I'm building Java to Jython bridge class. The task I'm trying to solve is to make Jython to look for python modules in my application working directory (also known as program execution directory).
I'm doing so by appending System.getProperty("user.dir")
value to the sys.path:
pySysState = new PySystemState();
//add working directory into sys.path
pySysState.path.append(new PyString(System.getProperty("user.dir")));
log_.info("Jython sys state initialized. sys.path: " + this.pySysState.path);
I get ImportError exception:
python module 'user_module' was not found. sys.path: ['<other jars>\\Lib', '/<path to jython>/Lib', '__classpath__', '__pyclasspath__/', 'C:\\Users\\vvlad\\IDEAProjects\\transform']
ImportError: No module named scheduled_helper
at org.python.core.Py.ImportError(Py.java:290)
at org.python.core.imp.import_first(imp.java:750)
at org.python.core.imp.import_name(imp.java:834)
...
Where C:\\Users\\vvlad\\IDEAProjects\\transform
is application directory.
In sys.path
looks like that:
Import works fine when I manually specify full path to working directory in Jython registry python.path variable.
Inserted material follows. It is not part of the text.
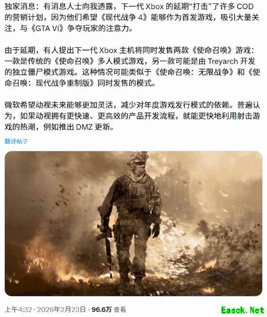爆料称,微软原本希望用《现代战争4》作为次世代主机首发护航作,与《GTA6》等大作正面对决,但主机延期打乱了节奏。作为替代方案,内部正讨论一种“双版本同步发售”模式:一款传统多人 COD 游戏 + 一款独立僵尸游戏,类似当年《无限战争》与《现代战争 重制版》的捆绑组合。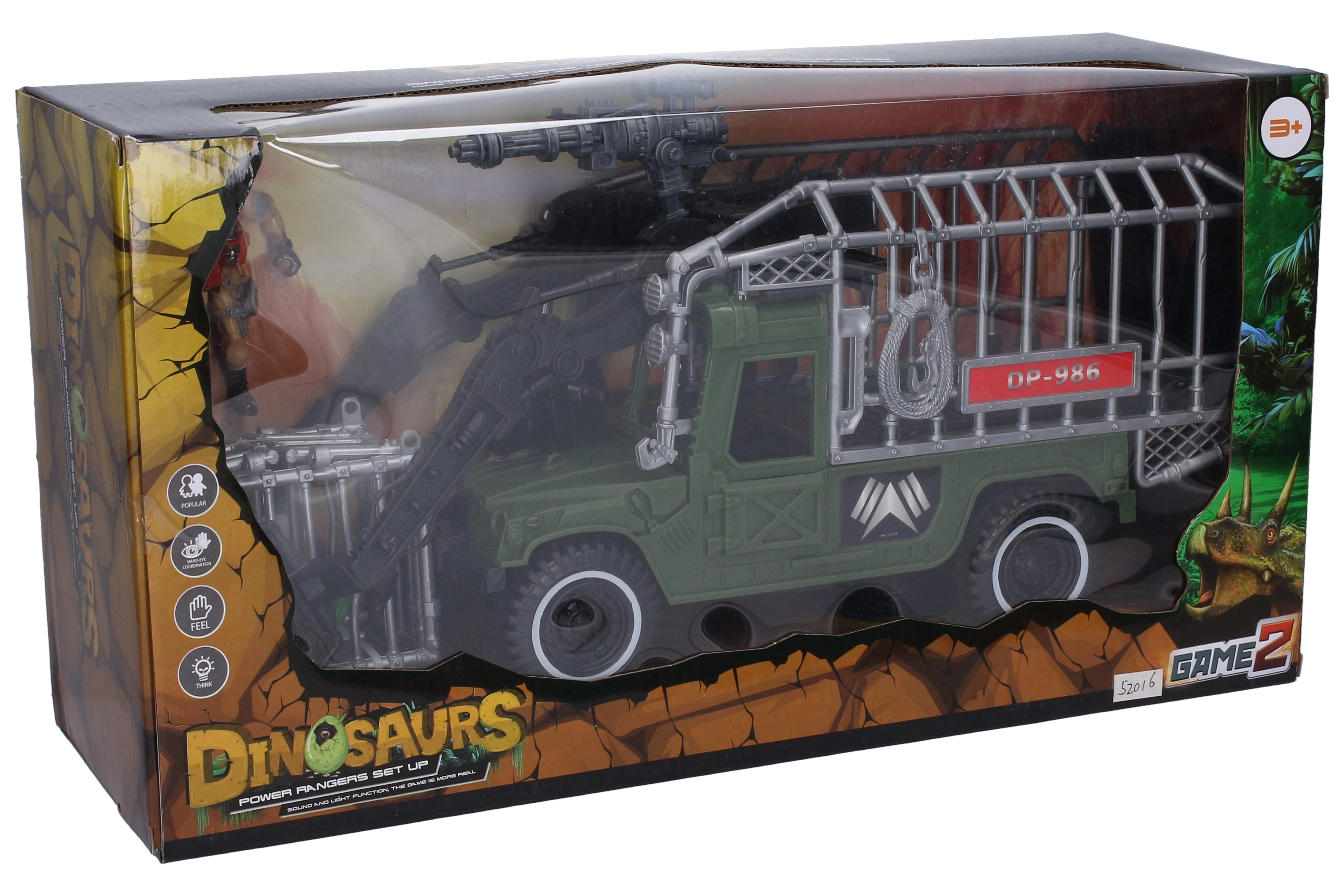 Dinosaurusjager soldaat – set met vrachtwagen en kooi 40 cm

And sys.path
looks different:
>>sys.path: ['C:\\Users\\vvlad\\IDEAProjects\\transform', '<other jars path>\\Lib', '/<path to jython>/jython-2.5.2.jar/Lib', '__classpath__', '__pyclasspath__/', ]
So import works fine when working directory comes as a first entry in sys.path
. But fails when working directory is the last entry.
I'm using Jython 2.5.2 and run tests on Windows machine from IntelliJ IDEA environment.
Plan B for me would be to set Jython registry python.path with user.dir
value before initializing PySysState
- but this would introduce some hidden behavior.